Mais, près de l’horloge se trouvait le capitaine Rondeau, revenu depuis quelques mois au pays, avec sa retraite, un homme grand, sec, les joues creuses, la redingote noire boutonnée jusqu’au menton, souffrant toujours de ses blessures d’Afrique, de Crimée, d’Italie ; il écoutait sans rien dire et buvait une tasse de lait, parce que le docteur Semperlin lui avait défendu de prendre autre chose.

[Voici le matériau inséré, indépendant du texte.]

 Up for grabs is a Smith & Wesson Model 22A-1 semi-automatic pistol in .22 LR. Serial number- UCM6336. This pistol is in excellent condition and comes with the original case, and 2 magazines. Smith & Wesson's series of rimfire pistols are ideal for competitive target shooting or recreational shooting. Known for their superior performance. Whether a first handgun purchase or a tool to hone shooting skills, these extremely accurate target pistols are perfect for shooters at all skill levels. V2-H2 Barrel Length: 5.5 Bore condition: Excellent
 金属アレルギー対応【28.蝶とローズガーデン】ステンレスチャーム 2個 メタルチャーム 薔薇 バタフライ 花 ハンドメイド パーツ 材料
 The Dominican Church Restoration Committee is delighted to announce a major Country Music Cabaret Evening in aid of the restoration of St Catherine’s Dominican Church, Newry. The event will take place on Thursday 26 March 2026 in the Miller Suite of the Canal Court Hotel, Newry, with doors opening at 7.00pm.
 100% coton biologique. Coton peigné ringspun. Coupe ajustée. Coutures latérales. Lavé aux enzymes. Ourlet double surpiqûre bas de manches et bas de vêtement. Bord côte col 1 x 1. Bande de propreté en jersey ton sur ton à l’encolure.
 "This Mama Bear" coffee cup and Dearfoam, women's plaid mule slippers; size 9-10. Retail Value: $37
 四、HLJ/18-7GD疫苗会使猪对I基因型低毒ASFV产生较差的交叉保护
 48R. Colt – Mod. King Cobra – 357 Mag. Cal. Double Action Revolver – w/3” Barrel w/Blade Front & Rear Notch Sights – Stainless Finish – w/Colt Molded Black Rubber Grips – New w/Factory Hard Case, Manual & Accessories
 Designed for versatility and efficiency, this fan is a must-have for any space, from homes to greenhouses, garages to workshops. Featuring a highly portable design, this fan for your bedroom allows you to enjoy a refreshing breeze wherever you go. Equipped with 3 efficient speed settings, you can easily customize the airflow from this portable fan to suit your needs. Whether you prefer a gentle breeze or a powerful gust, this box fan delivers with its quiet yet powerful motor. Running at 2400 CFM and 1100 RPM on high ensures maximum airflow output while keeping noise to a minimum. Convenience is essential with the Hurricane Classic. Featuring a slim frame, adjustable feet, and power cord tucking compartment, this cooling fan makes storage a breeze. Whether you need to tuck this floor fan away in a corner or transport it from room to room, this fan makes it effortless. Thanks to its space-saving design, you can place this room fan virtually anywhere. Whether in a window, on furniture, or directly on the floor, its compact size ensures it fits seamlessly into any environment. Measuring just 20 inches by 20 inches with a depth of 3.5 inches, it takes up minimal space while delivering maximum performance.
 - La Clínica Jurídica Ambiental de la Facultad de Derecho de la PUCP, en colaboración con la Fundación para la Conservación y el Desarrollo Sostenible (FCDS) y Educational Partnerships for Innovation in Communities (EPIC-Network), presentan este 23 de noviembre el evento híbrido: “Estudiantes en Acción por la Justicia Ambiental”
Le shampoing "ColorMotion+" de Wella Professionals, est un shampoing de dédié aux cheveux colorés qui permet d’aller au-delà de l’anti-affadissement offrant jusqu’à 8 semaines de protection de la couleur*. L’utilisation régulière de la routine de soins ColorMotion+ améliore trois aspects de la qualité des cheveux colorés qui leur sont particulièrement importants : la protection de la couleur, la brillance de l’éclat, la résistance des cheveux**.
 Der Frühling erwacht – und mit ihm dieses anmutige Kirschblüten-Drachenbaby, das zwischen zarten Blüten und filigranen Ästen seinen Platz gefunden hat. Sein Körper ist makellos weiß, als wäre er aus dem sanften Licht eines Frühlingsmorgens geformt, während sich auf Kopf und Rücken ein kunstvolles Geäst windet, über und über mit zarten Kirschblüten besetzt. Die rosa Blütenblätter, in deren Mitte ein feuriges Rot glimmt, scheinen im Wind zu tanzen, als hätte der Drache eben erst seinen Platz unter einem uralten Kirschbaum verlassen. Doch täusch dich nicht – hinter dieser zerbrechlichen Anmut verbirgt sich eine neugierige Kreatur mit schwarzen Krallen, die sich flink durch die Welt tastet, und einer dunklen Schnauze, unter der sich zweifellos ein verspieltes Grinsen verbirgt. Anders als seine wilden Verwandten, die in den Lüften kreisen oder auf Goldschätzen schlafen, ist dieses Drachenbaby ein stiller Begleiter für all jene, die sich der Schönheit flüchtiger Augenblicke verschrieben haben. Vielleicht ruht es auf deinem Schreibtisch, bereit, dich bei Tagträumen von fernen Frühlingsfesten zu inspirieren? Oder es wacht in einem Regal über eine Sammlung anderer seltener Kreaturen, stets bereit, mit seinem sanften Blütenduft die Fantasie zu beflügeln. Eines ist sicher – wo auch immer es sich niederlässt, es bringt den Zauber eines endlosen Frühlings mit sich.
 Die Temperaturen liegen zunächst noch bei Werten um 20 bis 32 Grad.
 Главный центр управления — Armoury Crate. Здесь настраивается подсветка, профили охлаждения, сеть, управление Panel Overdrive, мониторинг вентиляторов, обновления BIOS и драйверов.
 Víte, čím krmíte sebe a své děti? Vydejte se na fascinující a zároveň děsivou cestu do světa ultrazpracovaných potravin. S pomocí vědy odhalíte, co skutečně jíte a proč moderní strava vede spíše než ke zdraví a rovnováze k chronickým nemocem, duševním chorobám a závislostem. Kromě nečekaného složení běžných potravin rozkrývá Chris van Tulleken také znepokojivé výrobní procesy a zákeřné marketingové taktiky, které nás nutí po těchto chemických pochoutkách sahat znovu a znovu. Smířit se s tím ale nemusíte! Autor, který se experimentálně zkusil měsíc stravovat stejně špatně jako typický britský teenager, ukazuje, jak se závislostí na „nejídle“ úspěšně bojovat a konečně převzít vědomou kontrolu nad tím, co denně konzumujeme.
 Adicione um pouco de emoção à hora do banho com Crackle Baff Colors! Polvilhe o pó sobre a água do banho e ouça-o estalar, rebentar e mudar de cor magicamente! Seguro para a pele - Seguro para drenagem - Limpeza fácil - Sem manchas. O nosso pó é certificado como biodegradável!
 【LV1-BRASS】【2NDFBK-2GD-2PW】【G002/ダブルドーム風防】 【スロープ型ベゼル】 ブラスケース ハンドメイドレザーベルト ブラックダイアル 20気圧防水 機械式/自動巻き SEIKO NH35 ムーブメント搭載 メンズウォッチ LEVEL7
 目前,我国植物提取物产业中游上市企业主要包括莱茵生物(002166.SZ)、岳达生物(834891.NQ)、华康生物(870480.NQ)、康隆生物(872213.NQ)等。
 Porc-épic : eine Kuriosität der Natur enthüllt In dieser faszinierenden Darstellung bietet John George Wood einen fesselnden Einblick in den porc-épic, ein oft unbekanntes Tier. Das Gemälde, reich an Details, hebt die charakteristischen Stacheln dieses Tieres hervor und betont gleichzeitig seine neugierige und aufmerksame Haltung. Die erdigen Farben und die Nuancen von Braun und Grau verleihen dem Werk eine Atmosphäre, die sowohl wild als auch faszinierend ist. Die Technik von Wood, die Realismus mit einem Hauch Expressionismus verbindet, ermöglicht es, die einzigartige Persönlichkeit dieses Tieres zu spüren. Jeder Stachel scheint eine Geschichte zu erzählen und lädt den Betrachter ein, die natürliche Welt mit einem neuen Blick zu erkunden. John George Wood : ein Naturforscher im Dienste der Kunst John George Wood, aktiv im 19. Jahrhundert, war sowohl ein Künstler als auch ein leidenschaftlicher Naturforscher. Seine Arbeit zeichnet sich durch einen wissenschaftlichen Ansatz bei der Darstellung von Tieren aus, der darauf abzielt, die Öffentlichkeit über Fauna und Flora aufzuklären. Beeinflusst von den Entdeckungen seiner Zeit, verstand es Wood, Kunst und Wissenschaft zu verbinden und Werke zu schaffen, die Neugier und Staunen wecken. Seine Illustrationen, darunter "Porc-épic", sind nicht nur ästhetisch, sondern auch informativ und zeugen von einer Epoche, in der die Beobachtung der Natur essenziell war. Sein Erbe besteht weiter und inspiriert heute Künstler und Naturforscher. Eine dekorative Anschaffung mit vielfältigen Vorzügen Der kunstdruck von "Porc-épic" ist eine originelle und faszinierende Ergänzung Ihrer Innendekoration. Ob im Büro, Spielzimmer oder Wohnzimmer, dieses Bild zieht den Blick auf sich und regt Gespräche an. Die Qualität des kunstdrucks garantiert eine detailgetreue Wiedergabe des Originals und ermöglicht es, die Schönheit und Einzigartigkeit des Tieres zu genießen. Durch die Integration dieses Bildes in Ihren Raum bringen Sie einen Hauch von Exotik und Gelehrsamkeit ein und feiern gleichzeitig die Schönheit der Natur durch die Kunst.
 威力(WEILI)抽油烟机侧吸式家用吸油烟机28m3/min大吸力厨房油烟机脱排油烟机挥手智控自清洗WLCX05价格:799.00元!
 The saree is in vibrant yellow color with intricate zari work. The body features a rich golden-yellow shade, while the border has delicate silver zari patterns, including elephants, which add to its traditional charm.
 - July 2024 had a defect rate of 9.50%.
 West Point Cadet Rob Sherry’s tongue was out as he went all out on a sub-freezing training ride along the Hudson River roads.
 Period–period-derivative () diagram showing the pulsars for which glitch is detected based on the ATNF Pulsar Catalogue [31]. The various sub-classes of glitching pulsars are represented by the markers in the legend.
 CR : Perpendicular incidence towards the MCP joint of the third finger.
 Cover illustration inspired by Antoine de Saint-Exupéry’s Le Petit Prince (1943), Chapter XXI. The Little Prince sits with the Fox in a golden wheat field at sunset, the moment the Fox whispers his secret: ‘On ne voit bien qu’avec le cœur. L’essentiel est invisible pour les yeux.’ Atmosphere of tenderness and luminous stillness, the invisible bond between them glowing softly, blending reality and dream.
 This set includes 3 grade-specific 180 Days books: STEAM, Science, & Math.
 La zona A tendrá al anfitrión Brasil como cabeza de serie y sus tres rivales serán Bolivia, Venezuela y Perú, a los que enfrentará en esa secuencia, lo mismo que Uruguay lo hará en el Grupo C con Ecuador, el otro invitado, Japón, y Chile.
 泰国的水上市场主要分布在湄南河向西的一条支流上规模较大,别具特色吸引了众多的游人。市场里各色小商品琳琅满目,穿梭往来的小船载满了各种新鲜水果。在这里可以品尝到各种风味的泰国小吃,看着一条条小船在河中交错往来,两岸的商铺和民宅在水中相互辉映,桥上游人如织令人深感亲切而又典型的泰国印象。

Cela durait depuis une bonne heure, quand les Bavarois, ayant vidé leu ; s chopines, se remirent en route. Je les suivis dehors sur la porte, pour leur montrer le sentier de Biegelberg ; le grand roux riait, montrant ses dents d’un air joyeux ; finalement, il me serra la main et me cria : « Merci ! » en rejoignant sa bande.

Or, tandis qu’ils s’en allaient, le capitaine Rondeau, appuyé sur sa canne, était là sur la porte, qui les regardait s’éloigner, les yeux brillants et les lèvres serrées.

« Qu’est-ce que ces gens-là ? père Frédéric, me dit-il. Vous les connaissez ?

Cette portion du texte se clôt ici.